=== Begin Enclosure ===
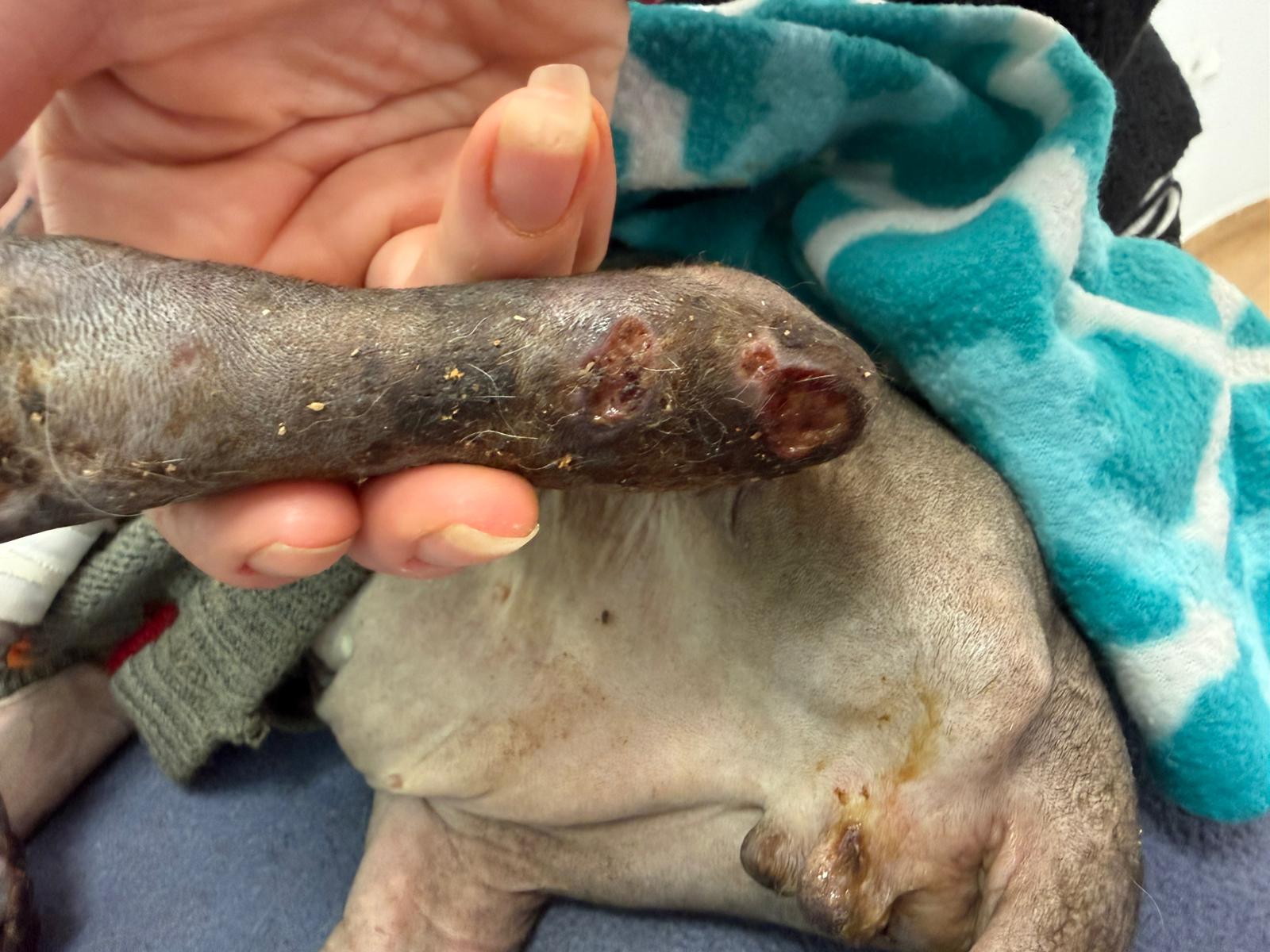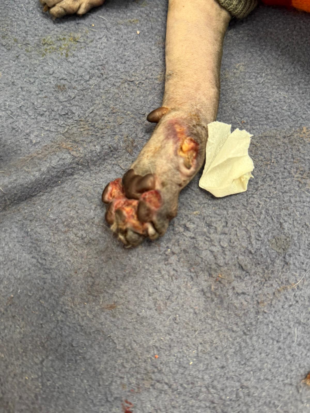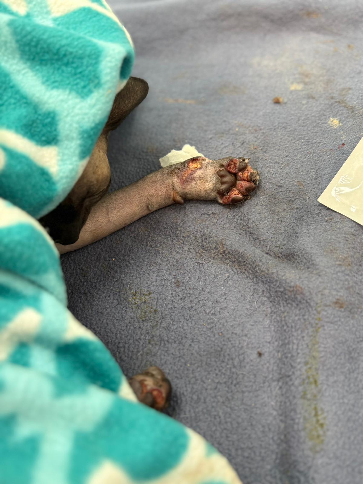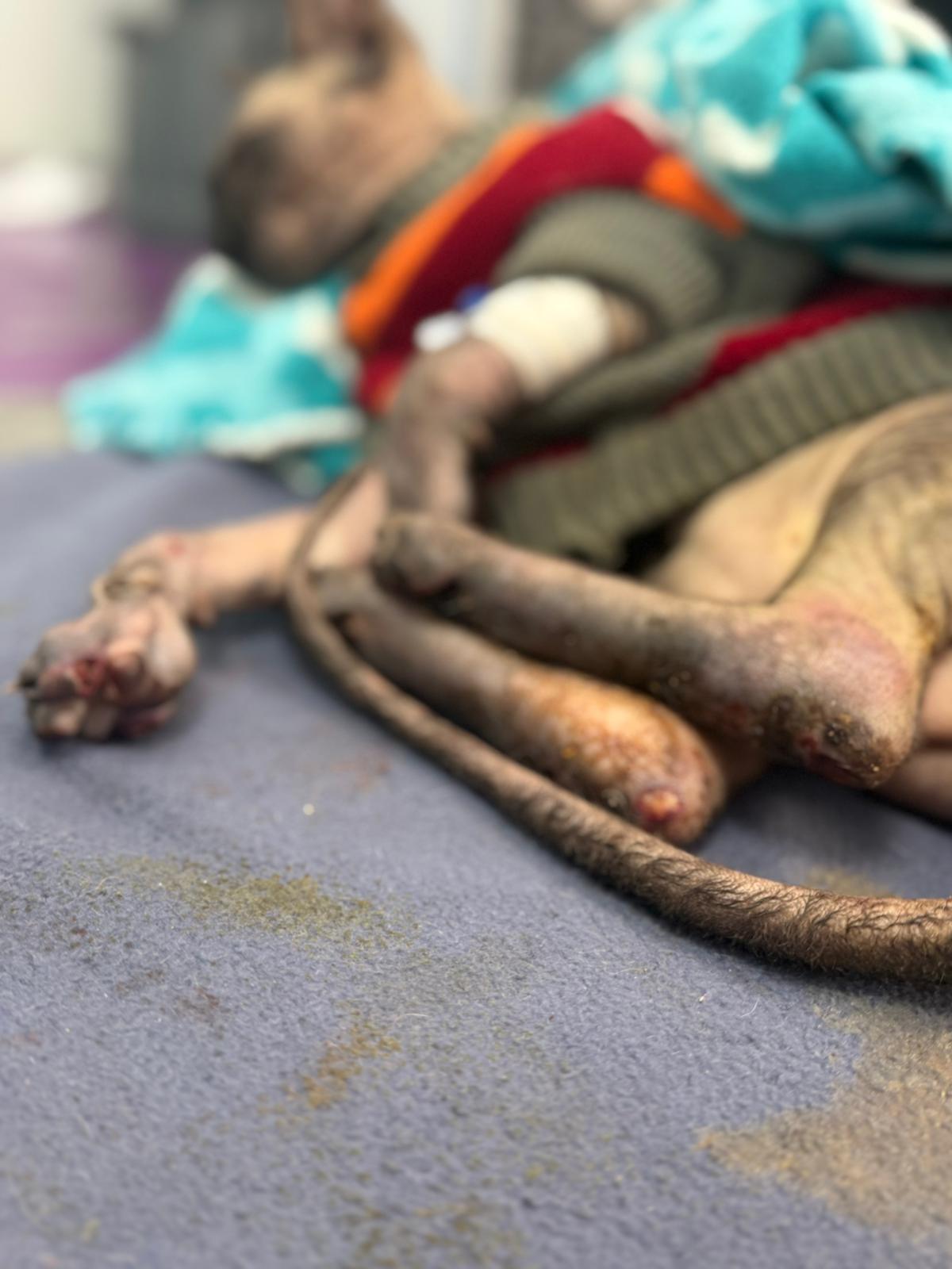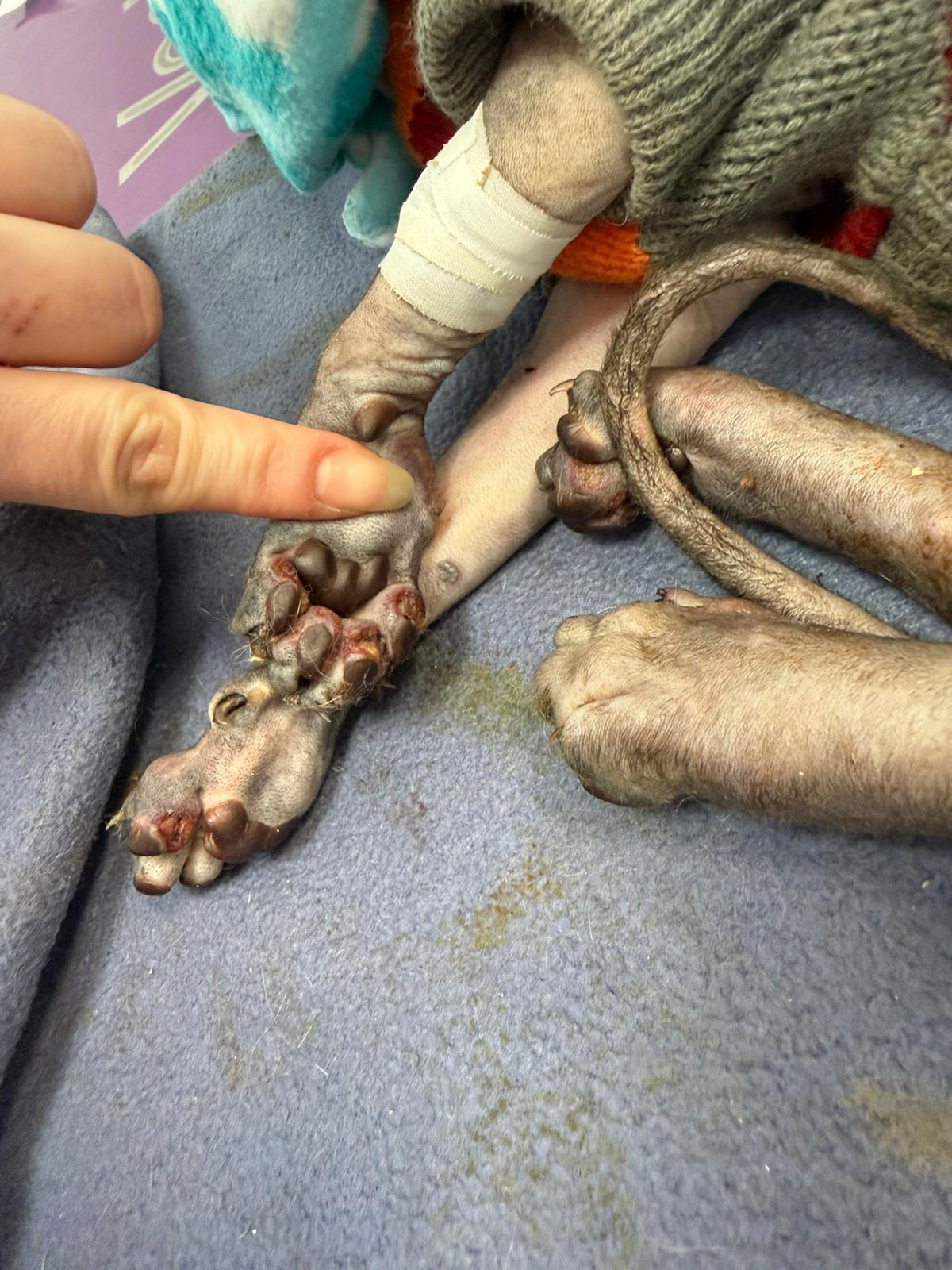 Został przyjęty na oddział zakaźny i objęty izolacją. Ma założony wenflon, otrzymuje intensywną płynoterapię, leki i stały nadzór. Lekarze zajmują się także leczeniem zmian na łapach, oczyszczaniem i terapią miejscową, aby zapobiec powikłaniom.
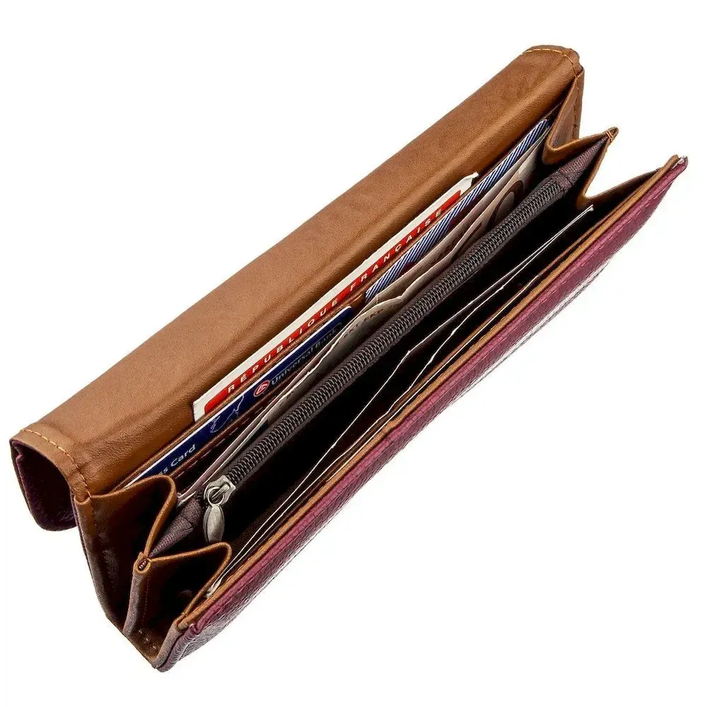 Удобный и вместительный женский кошелек из экокожи спокойного малинового цвета. Аксессуар дополнен удобными, вместительными отделениями и блоком с ячейками для карточек. Изящная женская модель, продуманная до самих мелочей порадует любую девушку и подчеркнет отменное чувство стиля. Кошелек будет прекрасным подарком для любой девушки.
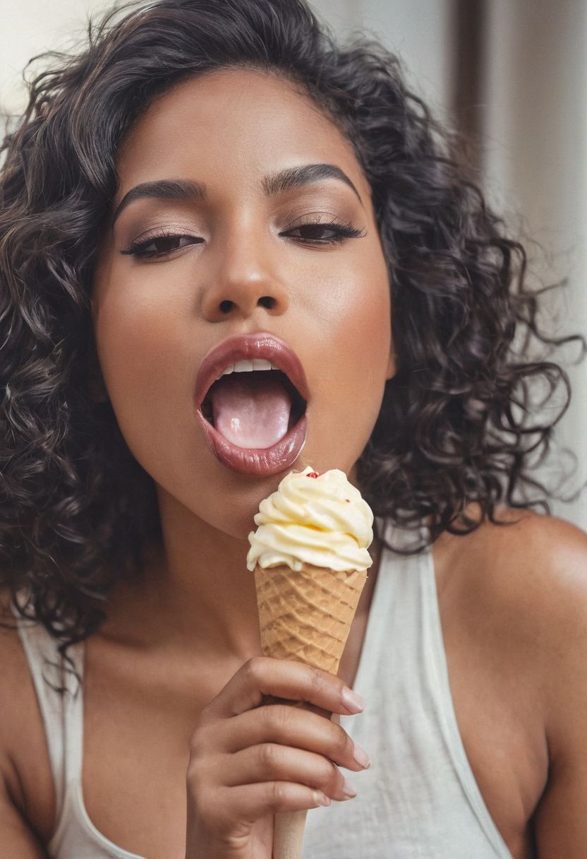 Faded Polaroid Photo, (dynamic pose:1.2),(dynamic camera),Fine art photography, (amateur photo,seducive,shy), (analog photo:1.2,film grain),(natural cold light:1.2),an ebony woman of 29yo with thick lips,licking an ice cream, clothes made of creamy white fluid, lots of black thic wavy hair,laugh,waves hair,wind,,vivid colours,realistic,photographic, (natural colors, correct white balance, color correction, dehaze,clarity), background rich in details, conceptual image,masterpiece, award winning photography, (lightroom:1.13), soft light, (natural skin texture, hyperrealism:1.2), sharp focus, focused, analog, thick lips,erotic,pornographic,sexy,licking,seductive,closeup of face and lips,orgasm,messing,messy
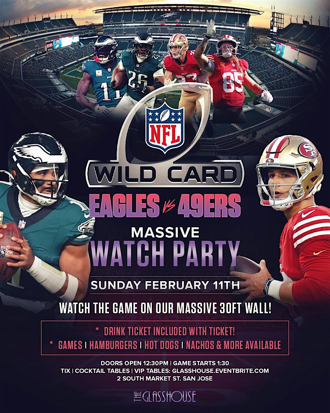 49ERS vs EAGLES WATCH PARTY! SUNDAY @THE GLASSHOUSE! 1PM! PLAYOFFS
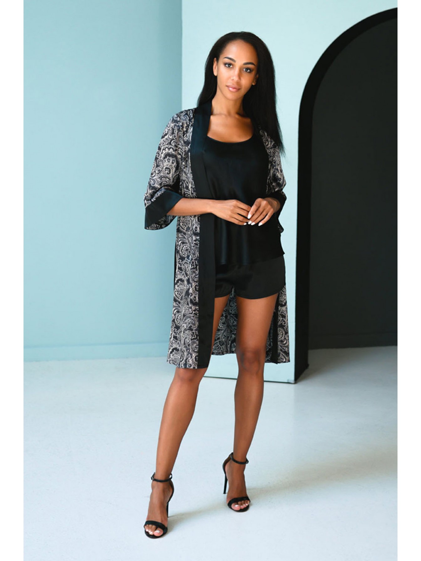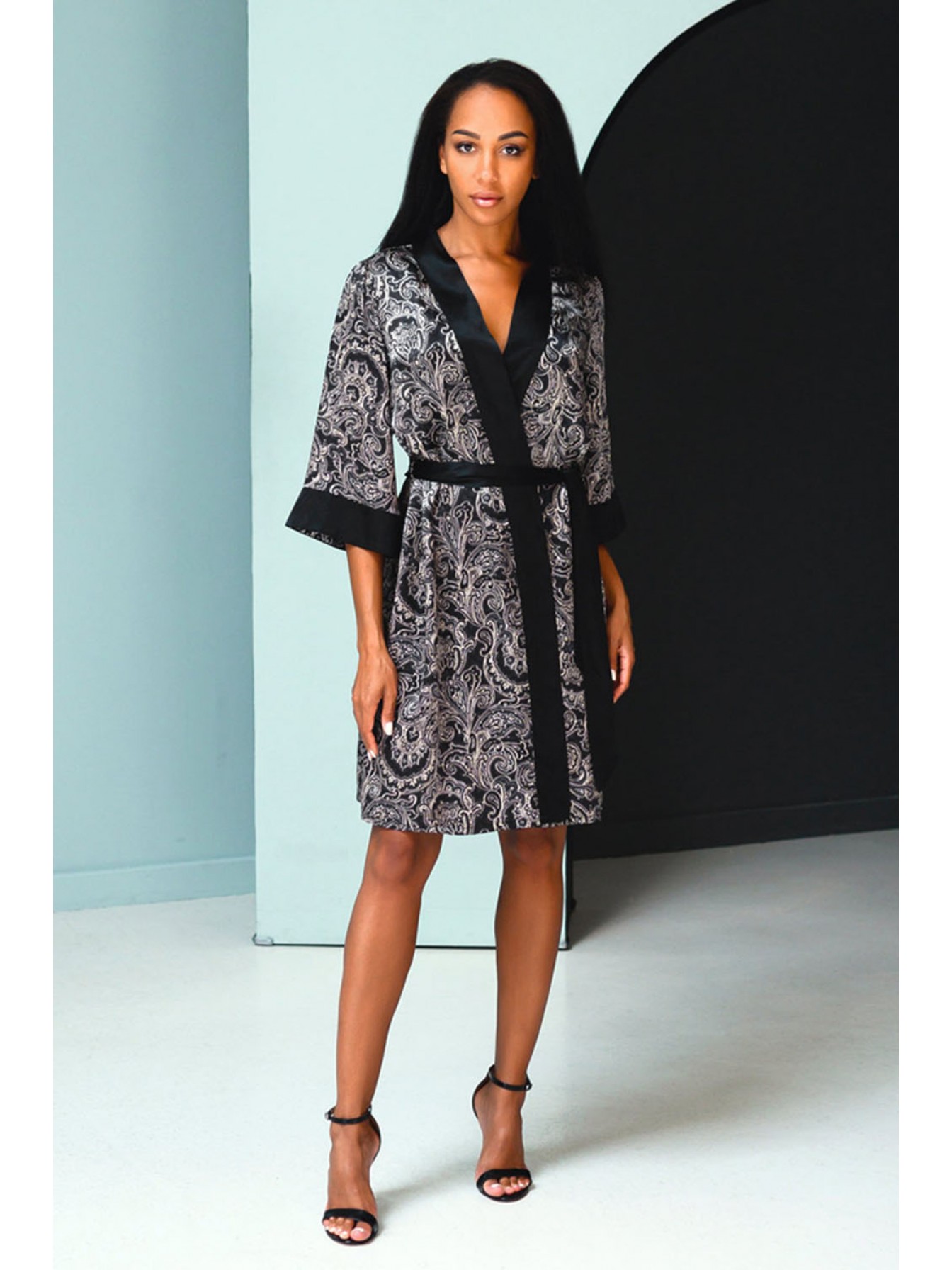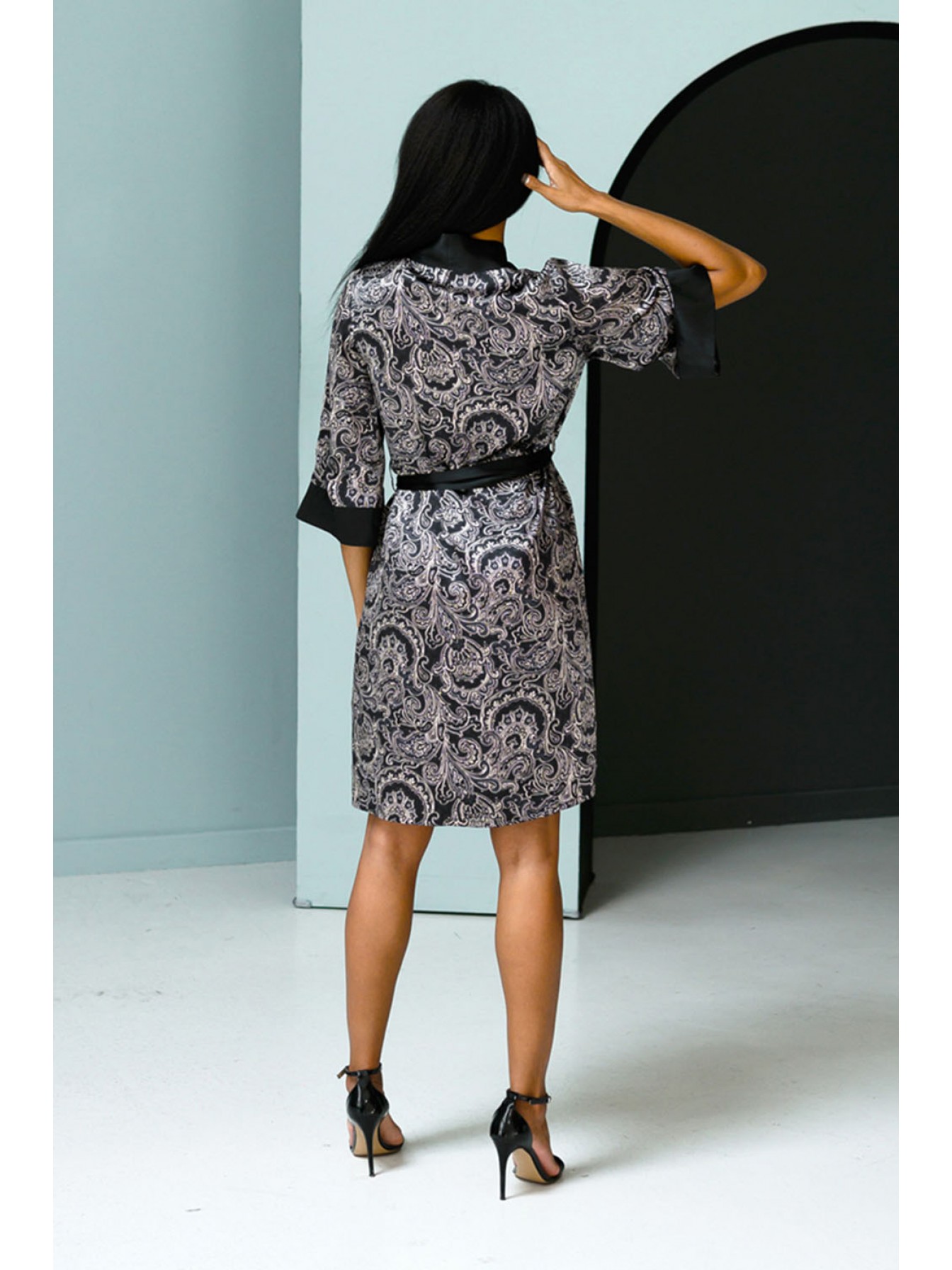Короткий халат прямого силуэта из натурального 100% шёлка с фантазийным принтом турецкий огурец на поясе. Халат с втачными рукавами на манжете. Модель по борту на обтачке, по талии завязывается на внутреннюю завязку.
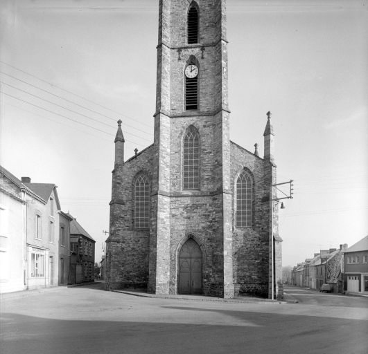 L'ancienne église citée dès le 13e siècle avait été reconstruite au 15e siècle. Sur son emplacement, Edouard Brossais-Saint-Marc construit une nouvelle église de 1854 à 1865. Le clocher est construit en 1869 par l'architecte Charles Langlois.
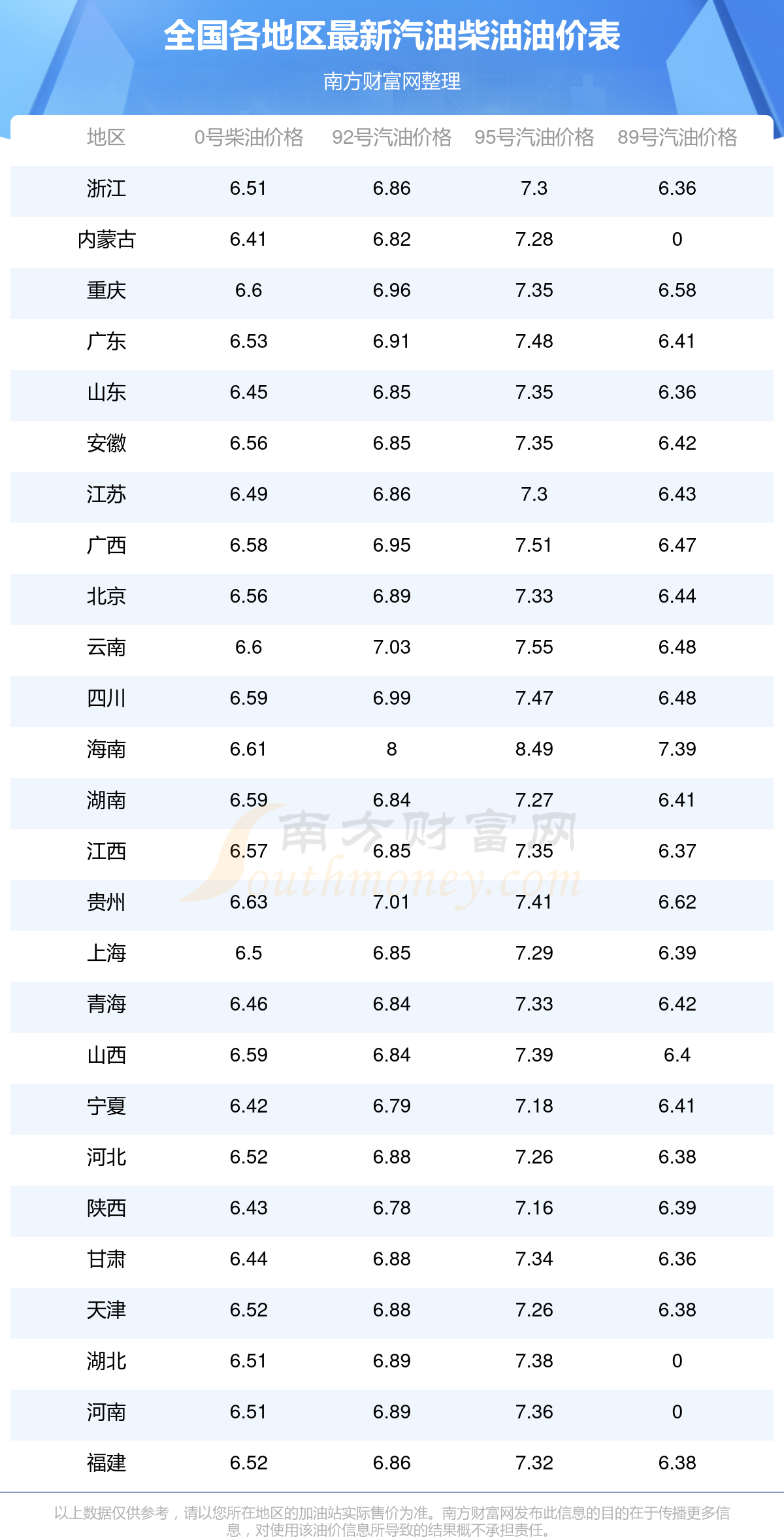 全國95號汽油最新平均價格為:7元每升,其中,最高為海南,價格為8.49元/升,最低為陜西,價格為7.16元/升。
=== End Enclosure ===
— Exercise description —
Your copy must begin at the line containing "L'ancienne église citée" and end at the last line of the material above. Reproduce each line exactly, but not the pictures.

— Response for this exercise —
 L'ancienne église citée dès le 13e siècle avait été reconstruite au 15e siècle. Sur son emplacement, Edouard Brossais-Saint-Marc construit une nouvelle église de 1854 à 1865. Le clocher est construit en 1869 par l'architecte Charles Langlois.
 全國95號汽油最新平均價格為:7元每升,其中,最高為海南,價格為8.49元/升,最低為陜西,價格為7.16元/升。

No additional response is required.